Parts flying in the air along with smoke/flames is the simplest thing a CPU can do, even though it has the most dramatic effect (especially when viewed in slow motion replay). You just need a handful of ops per object. Processors do billions of ops per second.

A cascading car crash is absolutely nothing compared to the box example above. In the worst case you may have a stack 3 cars cars high, not 50+ (and resolving these situations is not linear). Drop 1000 cars on top of each other, and maybe you'll start pushing the CPU.
 
Ideally they wouldn't ahve to, and with enough processing power they won't. As LucasArts demos of Digital Molecular Matter show, destruction can be calculated and geometry created on the fly.
Nope, you still need lots of modelling. A car's damage, for example, depends on the space frame, firewall, crumple zones, material parameters, etc. An artist does not model these things ordinarily.

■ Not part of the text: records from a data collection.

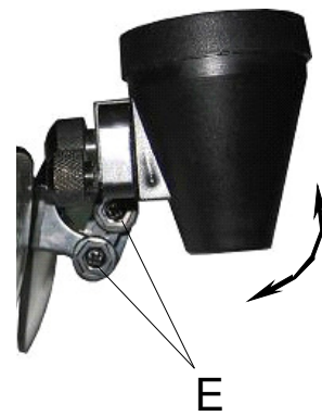
Fig. 4 Abb. 4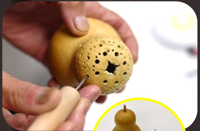
当日使用するキット (ひょうたんのサイズは約15cm)

コツはよりたくさん穴をあけること。楽しく簡単にできるので、みんなで一緒に素敵なひょうたんランプを作りましょう。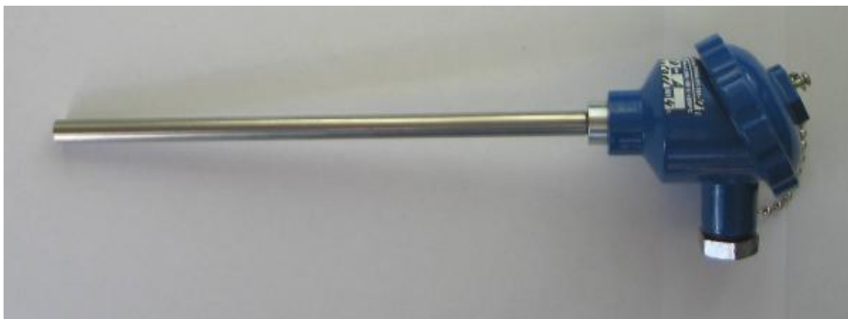
Фото 2. Фотография общего вида термпреобразователя сопротивления ПРОМА-ТС-101-Г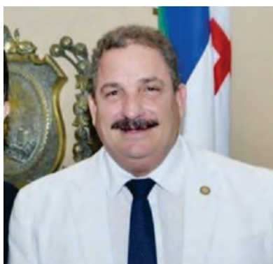
Deputado Federal, Eriberto Medeiros

“Recebi com muita tristeza o falecimento do grande amigo Antônio Carlos Figueira, que deu notável contribuição para o Governo de PE, especialmente fortalecendo a rede estadual de saúde, e foi grande defensor da ação social da medicina através do IMIP. Figueira foi ator fundamental para as transformações que PE viveu. Deixa enorme lacuna na sociedade pernambucana. Que Deus conforte seus familiares e amigos nesse momento de dor.”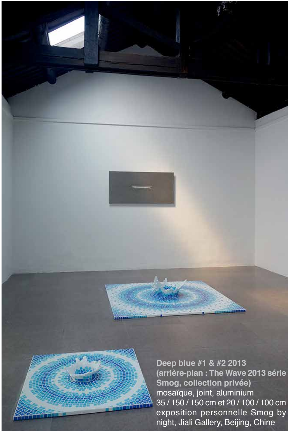
Deep blue #1 & #2 2013 (arrière-plan : The Wave 2013 série Smog, collection privée) mosaïque, joint, aluminium 35 / 150 / 150 cm et 20 / 100 / 100 cm exposition personnelle Smog by night, Jiali Gallery, Beijing, Chine

If you want to be even remotely realistic, you have to tune a lot of parameters by hand. Manufacturers know the weakpoints and do various things to strengthen them. Even if you don't want to be realistic you still need plenty of tuning. If you watch Baja racing videos with crashes, you can see that Motorstorm really makes many joints a lot weaker than real-life so that we can watch the breaking pieces. It's an art direction choice, and given that Sony is trying to market the PS3 as being in a whole other league as the 360 for physics, it makes perfect sense.

As for DMM, it's not as "on the fly" as it seems. In the tech demo, for example, watch a bit closer. The wood has the same break patterns each time, despite the commentator saying otherwise. What's happening is that the DMM tools generate several broken pieces and joint properties offline automatically, sparing the artist the work for continuous materials (which a car in Motorstorm is not). The in game mechanism is pretty much identical, and you still have to store all the pieces. Often this is the limiting factor as opposed to artist talent/time due to RAM budget.

Again, the problem with using these techniques all over a game world is the massive game state you generate. We have to make hacks, like regenerating terrain/buildings (or predefined intermediate states) and object position resetting in areas you haven't been to in a while.